7. لِيُنفِقْ ذُو سَعَةٍ مِّن سَعَتِهِۦ ۖ وَمَن قُدِرَ عَلَيْهِ رِزْقُهُۥ فَلْيُنفِقْ مِمَّآ ءَاتَىٰهُ ٱللَّهُ ۚ لَا يُكَلِّفُ ٱللَّهُ نَفْسًا إِلَّا مَآ ءَاتَىٰهَا ۚ سَيَجْعَلُ ٱللَّهُ بَعْدَ عُسْرٍ يُسْرًا
liyunfiq żụ sa’atim min sa’atih, wa mang qudira ‘alaihi rizquhụ falyunfiq mimmā ātāhullāh, lā yukallifullāhu nafsan illā mā ātāhā, sayaj’alullāhu ba’da ‘usriy yusrā
7. Hendaklah orang yang mampu memberi nafkah menurut kemampuannya. Dan orang yang disempitkan rezekinya hendaklah memberi nafkah dari harta yang diberikan Allah kepadanya. Allah tidak memikulkan beban kepada seseorang melainkan sekedar apa yang Allah berikan kepadanya. Allah kelak akan memberikan kelapangan sesudah kesempitan.
Tafsir :
Seorang lelaki jika telah menceraikan istrinya, maka selama masa idah dia harus memberikan nafkah kepada istrinya sesuai dengan kemampuannya. Jika dia orang yang kaya maka hendaknya dia memberikan infak sesuai kadar dia sebagai orang kaya. Adapun jika seorang yang miskin, maka dia berinfak sesuai apa yang Allah ﷻ berikan kepadanya (ala kadarnya). Ini semua menunjukkan bahwa Allah ﷻ tidak membebani seorang hamba diluar dari kesanggupannya. Jika pada ayat sebelumnya Allah ﷻ memberikan perhatian pada kondisi wanita yang dicerai, maka pada ayat ini Allah ﷻ memberikan perhatian bagi seorang suami (laki-laki).

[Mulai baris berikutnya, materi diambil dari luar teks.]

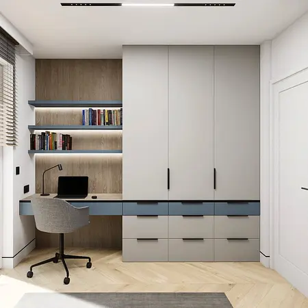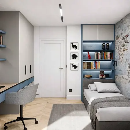 Jasna baza kolorystyczna, zabudowa stolarska na wymiar, wygodne miejsce do nauki oraz przytulna strefa snu tworzą przestrzeń idealną na co dzień.

Dan di ayat ini Allah ﷻ kemudian memberikan kabar gembira bahwa Allah ﷻ akan memberikan kelapangan. Akan tetapi sebagaimana telah kita sebutkan sebelumnya bahwa syaratnya adalah bertakwa kepada Allah ﷻ.
Ayat ini merupakan akhir pembahasan Allah ﷻ tentang perceraian. Dan setelahnya Allah ﷻ berbicara tentang azab bagi orang-orang yang membangkang perintah Allah.